When I really think about it, though, my kids may have cut into the quantity of intelligent conversation in my life, but at the same time, they've done wonders for the quality. I've never been very good at small talk, but since I've been staying home to raise my kids, my chit-chat skills have become almost Oprah-esque. For that, surprisingly, I have my kids to thank.
Here are just 5 ways my kids have given me the gift of gab:
1. Icebreakers. Thanks to my kids, the days of "What do you do for a living?" and "Gee, that's a nice sweater" are over for good. When I meet someone new, I only have to ask one simple question: "Do you have kids?" When they say yes, we've made an instant connection, something that leads to a million subtopics, from schools to potty training to which episode of “Phineas & Ferb” they're least sick of. As for the childless, I've just given them a quick exit ticket. They hate when we talk about our kids, so they'll move on to someone with an interesting sweater as fast as they can, and I'll seek out someone who looks unrested and bedraggled -- my people.
2. Conversation Enders. When I get bored talking to someone, I don't have to pretend to go to the bathroom or refill my drink -- not now that I have kids. I just pull out my cell phone and say it's time to check in with the sitter. Better yet, if the kids are with me, it's only a matter of time before they start fighting or demanding juice. "Ugh, I'd better go," I say. Whether they're with me or not, kids tend to cut down my conversation time by 95%, so I always get to end on a high note.

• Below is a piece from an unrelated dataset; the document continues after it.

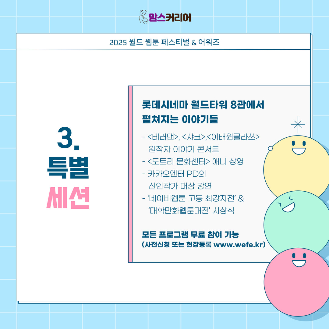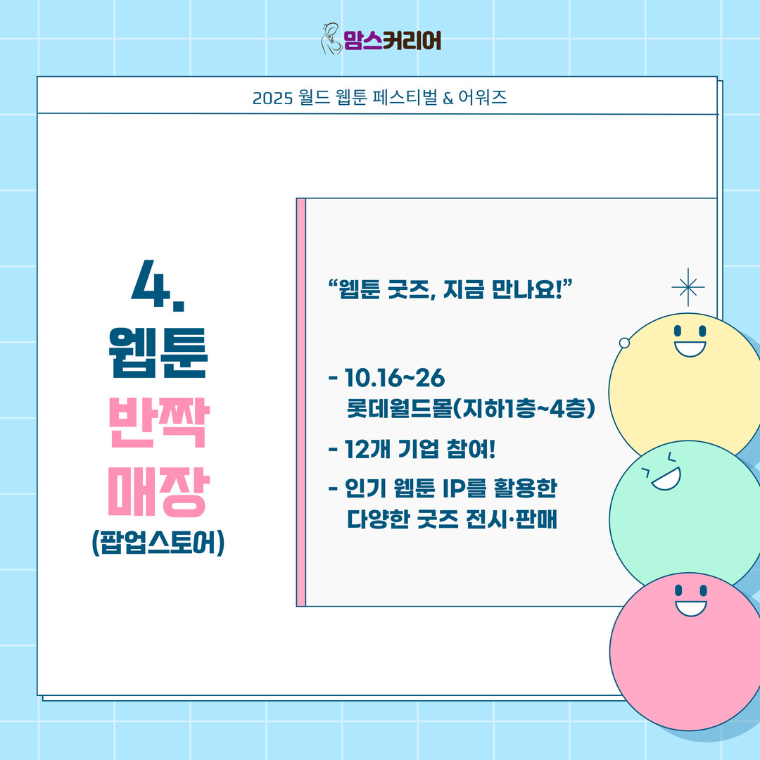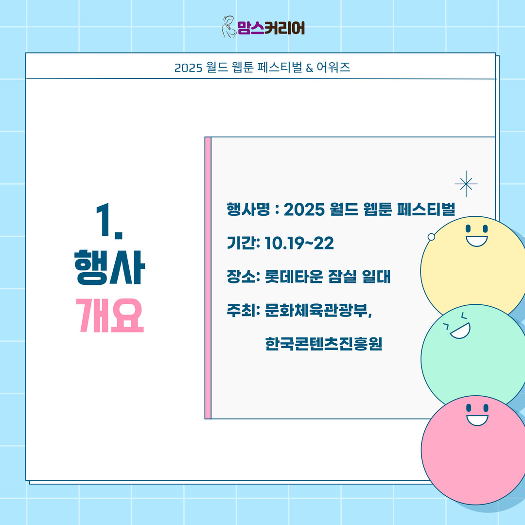 [맘스커리어 = 오재옥 엄마기자] 문화체육관광부는 한국콘텐츠진흥원과 함께 10월 19일부터 22일까지 롯데타운 잠실 일대에서 ‘2025 월드 웹툰 페스티벌’을 개최하고 축제 마지막 날인 22일에는 ‘2025 월드 웹툰 어워즈 시상식’을 진행한다.

3. Access to Other Grown-ups. Everywhere I take my kids, there are other adults in the same situation as me, dying for some chitchat that doesn't include the words "gimme" or "poopy". At swim class, Gymboree or when I'm picking them up from preschool, there's always someone there I can talk to about global warming or how worried we are about poor little Suri Cruise. There's nothing parenthood does as successfully as grant you access to other parents as starved for conversation as you are.
4. Getting to the Point. Rambling is a luxury that I, as a parent, can no longer afford. Given the way kids tend to slice into my conversation time (see #2), the days of sharing long, circuitous anecdotes are in the past. The good news is that kids are great at honing your skill for cutting to the chase. With their gnat-like attention spans, they've gotten me in the habit of saying everything as briefly as I can. "You see Homeland this week?" I might ask. "Loved it. But the texting scene... C'mon!" And we're done.
5. Motivation. In the past, I would wait for a proper social occasion to seek meaningful human interaction -- a party maybe, or a job interview. These days, I make friends with everyone I can, because I know the drive-thru lady at Taco Bell might be the only person I meet all day who doesn't have Sesame Street characters on her shoes. It doesn't matter that our time together is limited. In fact, that's when I work best. When I get those magic words, "Your order will be right up, Sir," that's my opening. "So, Mariela..." I'll say, reading her name off her nametag, "do you have kids?"